Chronic inflammation more often found in placenta from African-American preterm births, which tend to have worse outcomes
African-American infants are twice as likely to die in the first year of life than white infants, for reasons that are complex and not well understood. Results from a recent study suggest that specific abnormalities in the placenta from African-American preterm births may hold clues to the physical mechanisms behind racial disparities in preemie health outcomes.
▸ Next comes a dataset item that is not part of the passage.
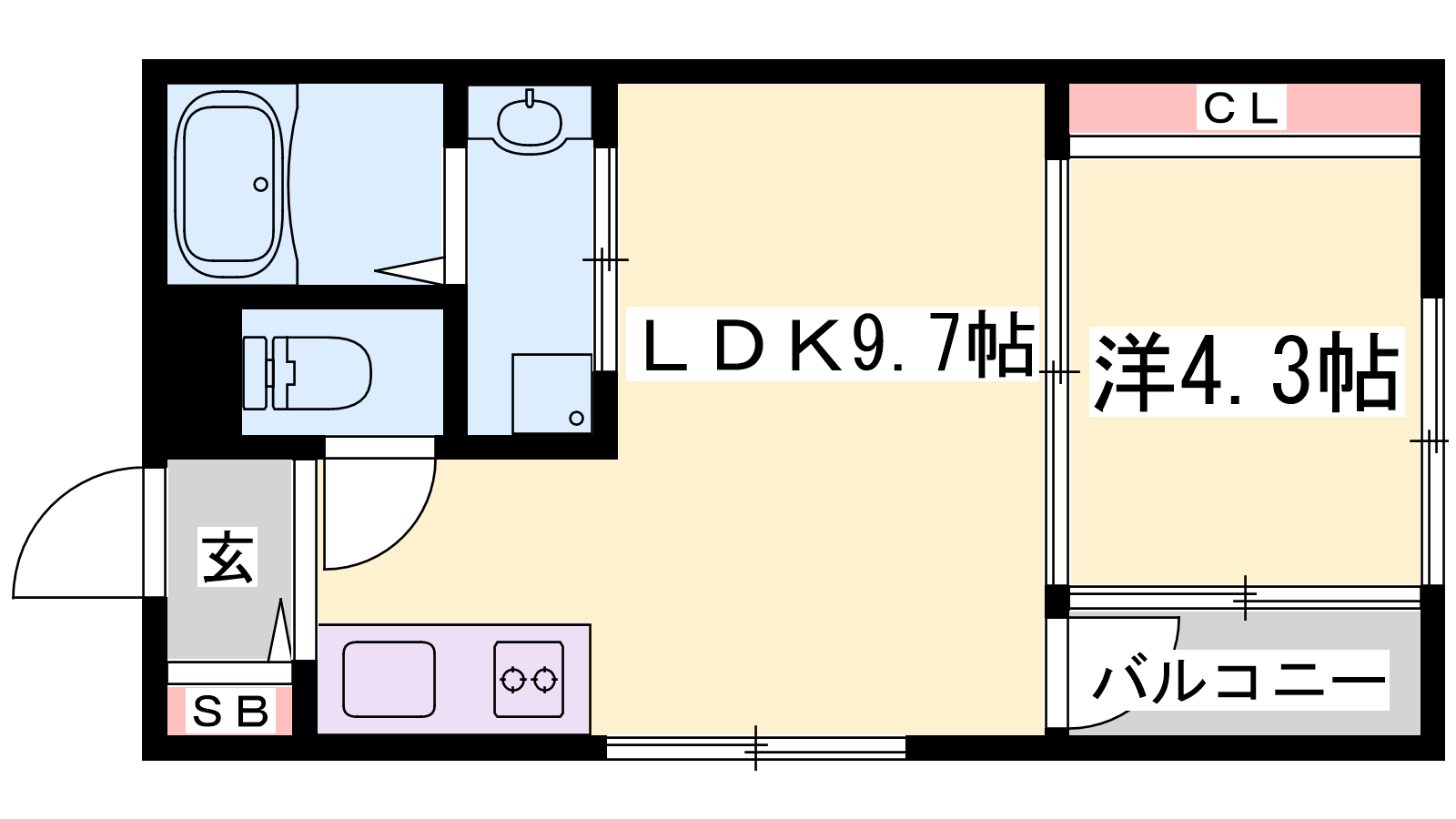 - LDK9.7帖、洋室4.3帖

Researchers from Ann & Robert H. Lurie Children’s Hospital of Chicago and colleagues found that African-American race was associated with chronic inflammation of the placenta, as well as with underdeveloped or obstructed vessels in the fetal side of the placenta. These abnormalities suggest that the fetus was not getting enough oxygen and nutrients from the placenta, which may lead to poor growth, neurodevelopmental impairments, kidney dysfunction, cardiovascular problems or lung disease. Findings were published in the journal Placenta.
“Chronic inflammation in the placenta may be associated with maternal stress during pregnancy, as well as long-term stress linked to racial disparity, socioeconomic environment, and other external influences,” says senior author Karen Mestan, MD, MSCI, neonatologist at Lurie Children’s and Associate Professor of Pediatrics at Northwestern University Feinberg School of Medicine. “Describing the specific pathology in the placenta from African-American preterm births may offer insights into how these social, environmental and individual factors could be registered in the body and possibly impact pregnancy outcomes.”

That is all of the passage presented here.